American immunologist (1961–2016)

Joy Ann Williams (June 13, 1961 – November 18, 2016) was an American immunologist at the National Cancer Institute where she researched the biology of thymic development.

== Early life and education ==
Williams was born on June 13, 1961 in Arlington County, Virginia, and raised in Arlington and Alexandria, Virginia. She graduated from T.C. Williams' High School.

Williams completed bachelor's degrees in biology and piano performance from Oberlin College and Oberlin Conservatory of Music. She earned a master's degree in molecular biology and a Ph.D. in immunology from the University of Maryland, College Park. Her dissertation was titled Regulation of macrophage cytokine production by prostaglandin E₂: distinct roles of cyclooxygenase-1 and -2.

As a graduate student, she worked at the National Cancer Institute (NCI) as a pre-doctoral Intramural Research Training Award fellow in the Laboratory of Genetics under Dr. Michael Potter. She then worked as a biologist under her graduate mentor, Emily Shacter, first in the Laboratory of Genetics, and later in the Center for Biologics Evaluation and Research. The year after earning her Ph.D., Williams joined the laboratory of Richard Hodes in NCI's Experimental Immunology Branch as a postdoctoral fellow.

== Career ==
Williams worked as a regulatory/research scientist at the Food and Drug Administration. In 2006, Williams’ interest in basic research brought her back to Hodes’ lab at National Institutes of Health (NIH) as a staff scientist. In latest work, Williams advanced the understanding of the biology of thymic development and the cross-talk between thymic epithelium and the developing T-cell repertoire.

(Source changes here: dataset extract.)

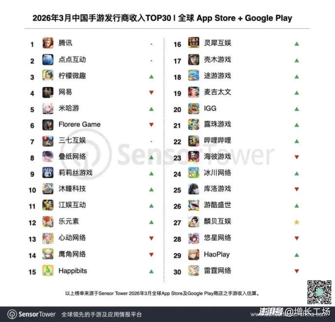 3月三七互娛收入環(huán)比上漲28%,位列全球第7?!禠ast Asylum: Plague》憑借新穎題材和副玩法,收入暴漲近11倍,成為2026年全球化現(xiàn)象級產(chǎn)品。

In her years at NIH, Williams taught courses through the Federation of American Societies for Experimental Biology and at the University of Maryland University College.

== Personal life and death ==
Williams performed on piano, flute and accordion. After a 2010 piano concert at the National Institutes of Health Clinical Center, she was quoted in The Scientist: “Playing the piano focuses me” and “absorbs my mind in different ways than science.” Williams remained active in a variety of music activities, including teaching, accompanying other musicians and performing. Williams rode her bicycle to work on the Capital Crescent Trail.

Williams died from ovarian cancer on November 18, 2016, after a four-year battle with the disease. She was 55. Williams was survived by her husband, Todd R. Smyth, her parents Harrison Brownell Williams and Ann Peterson Williams, her sister Julie Arrighetti, her brother-in-law Craig Arrighetti and her nephew Nicholas Arrighetti.